== WORK TO COMPLETE ==
Repeat the records below exactly from the line containing "Watering can, cream" to the line containing "میزان سنگ آهن", taking in both of those lines. Drop the pictures.

== DATA EXTRACTS ==
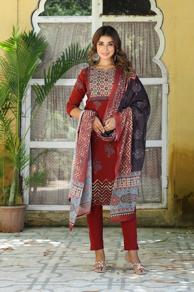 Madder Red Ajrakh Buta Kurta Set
--
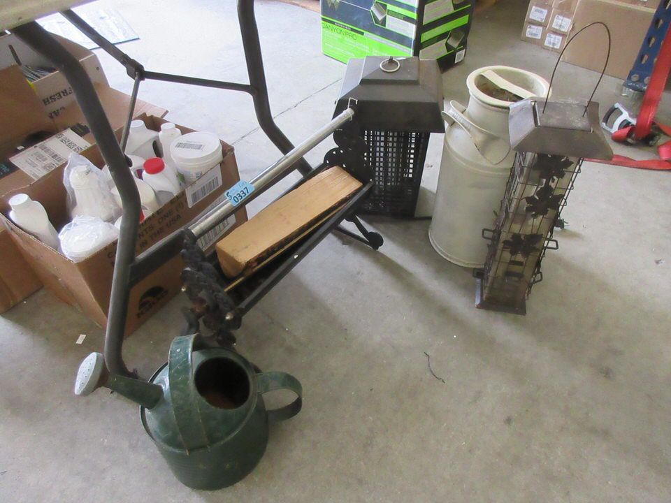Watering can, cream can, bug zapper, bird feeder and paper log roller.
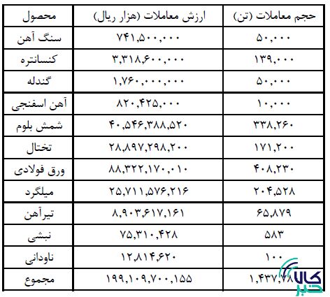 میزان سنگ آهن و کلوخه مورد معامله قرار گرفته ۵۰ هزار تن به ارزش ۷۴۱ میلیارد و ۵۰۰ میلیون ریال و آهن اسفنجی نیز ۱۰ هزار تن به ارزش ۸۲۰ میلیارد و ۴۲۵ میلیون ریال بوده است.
---
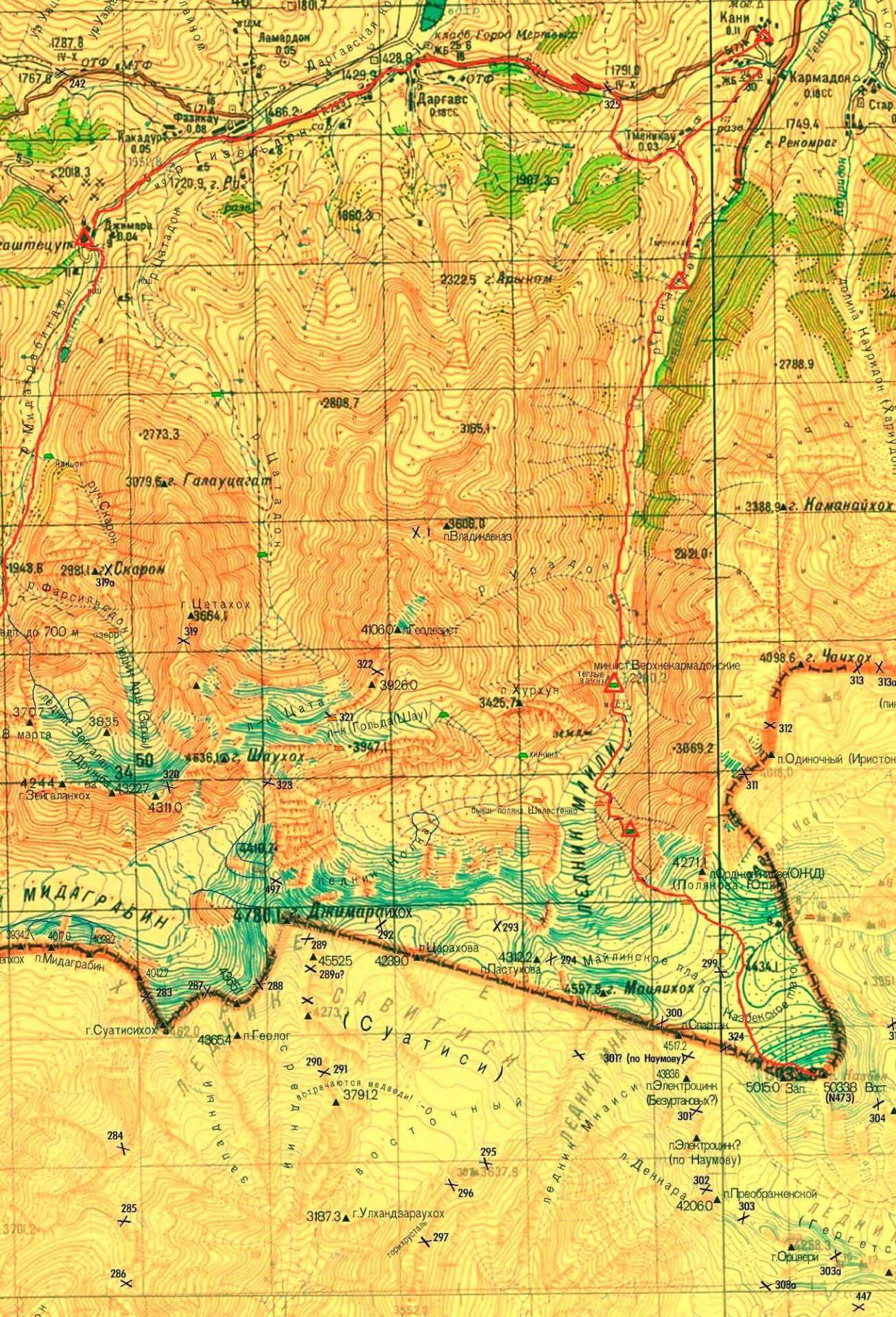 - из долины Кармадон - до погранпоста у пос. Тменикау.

== SOLUTION FOR THIS TASK ==
Watering can, cream can, bug zapper, bird feeder and paper log roller.
 میزان سنگ آهن و کلوخه مورد معامله قرار گرفته ۵۰ هزار تن به ارزش ۷۴۱ میلیارد و ۵۰۰ میلیون ریال و آهن اسفنجی نیز ۱۰ هزار تن به ارزش ۸۲۰ میلیارد و ۴۲۵ میلیون ریال بوده است.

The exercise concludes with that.